Wednesday, April 18, 2018

Welcome to the Six Month Roadhouse (4.18.18)

We’ve come as far as this roadhouse. Time to stop for gas and maybe some lunch. In fact, let’s tarry in the book room, pour ourselves something warm and bracing, throw another log on the fire, and have a natter about where we’ve been, what we’ve seen and experienced so far. Let’s plan the next segment (we can ditch the itinerary for something completely different or we can reaffirm it), turn in, and get an early start in the morning.

Six months ago, when this seminar began, the original members of Wednesdays@One agreed on a set of goals:

To appreciate the elasticity of language
  • To work with words as things (sounds, muscle-movements, rhythms) that can be shaped in different ways
  • To be, simply, makers of poems rather than “poets” or even “writers”
  • To experiment (with ideas, words and sentences, thoughts and feelings)
At the “six-month roadhouse” let’s stop for a while to ponder these goals anew.*
  • Have we kept them in mind at all?
  • Assuming that we have, at least part of the time,
  • Have we accomplished any of these goals?
  • If so, in what ways & what has been our individual and collective experience?
  • Are we better today at writing poems than we were six months ago?
  • Are we better readers?
  • Do we talk with more confidence, more authoritatively, about poems and poetry?
  • Has our conception of “good,” “bad,” “successful” changed in any way?
  • If we were asked “What is a poem? What is poetry?” today, would our ensuing conversation be different now than six months ago?
  • Where do we go from here?

The challenge: ponder anew the goals, and then think about some or all of the questions ahead of next week’s session. Then let’s devote that session to exploring where we’ve been, what we’ve gotten from the itinerary so far, and where we’d all like to go over the next six months.

In the meantime, just to give you something to kick-start your thinking, I attach two poems . . .

Waiting for Icarus
—Muriel Rukeyser (1973)

He said he would be back and we’d drink wine together
He said that everything would be better than before
He said that we were on the edge of a new relation
He said he would never again cringe before his father
He said that he was going to invent full-time
He said he loved me that going into me
He said was going into the world and the sky
He said all the buckles were very firm
He said the wax was the best wax
He said Wait for me here on the beach
He said Just don’t cry

I remember the gulls and the waves
I remember the islands going dark on the sea
I remember the girls laughing
I remember they said he only wanted to get away from me
I remember mother saying: Inventors are like poets, a trashy lot
I remember she told me those who try out inventions are worse
I remember she added: Women who love such are the worst of all

I have been waiting all day, or perhaps longer.
I would have liked to try those wings myself.
It would have been better than this.


----


I Want to Be Stark [Like]
—Leah Umansky (The New York Times Magazine, April 8, 2018)

A man is only worth what people say he is,
and those Starks are good stock.
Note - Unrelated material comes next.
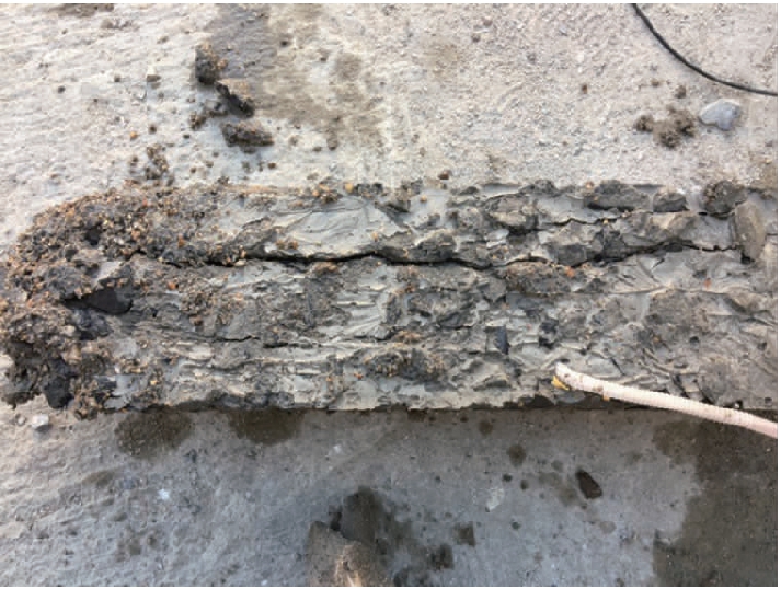 偏心受压试件相对动弹性模量变化介于应力水平为0.5和0.6的试件之间,走势与0.5应力水平的试件相似.由于试件内部压应力上部(浇筑面)大下部小,接近三角形分布,上部的高应力抑制了前期冻融循环时的微裂缝发展,而下部由于浇筑时振捣的原因密实度较高,因此,在混凝土强度明显下降前抗冻性能较好.在150次冻融循环时,试件受压边缘裂纹开始发展,动弹性模量也快速下降,到225个冻融循环时试件上表面已产生两条主裂缝,破坏比较明显,如图6所示.因此,偏心受压混凝土构件要提高受压一侧混凝土的强度和密实度.
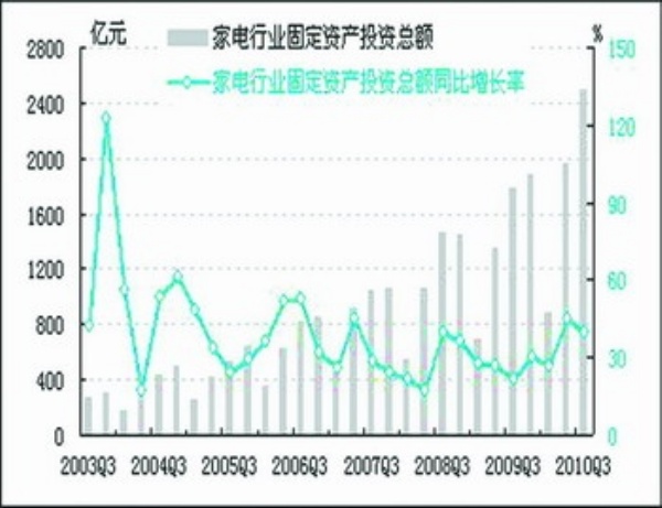 投资:2010年三季度,经初步季节调整,家电行业固定资产投资总额为2500.9亿元,同比增长40.0%,增速较上季度回落5.1个百分点;环比增长27.0%,增速较上季度回落97.2个百分点。

They’ll knee-deep it.
They famish the craving they are fathered by.
Manning the forestry of life, they are steadfast and sturdy.

When pungent or cruel, they sauce the ache.
Light folds them in two.
What I want to say is, I would meet you upon this.

Let me, too, carry the token of the world.
Tell me the secret of what comes next,
and then take me

river     river     river






* A good idea since we’ve picked up a couple of hitchhikers along the way!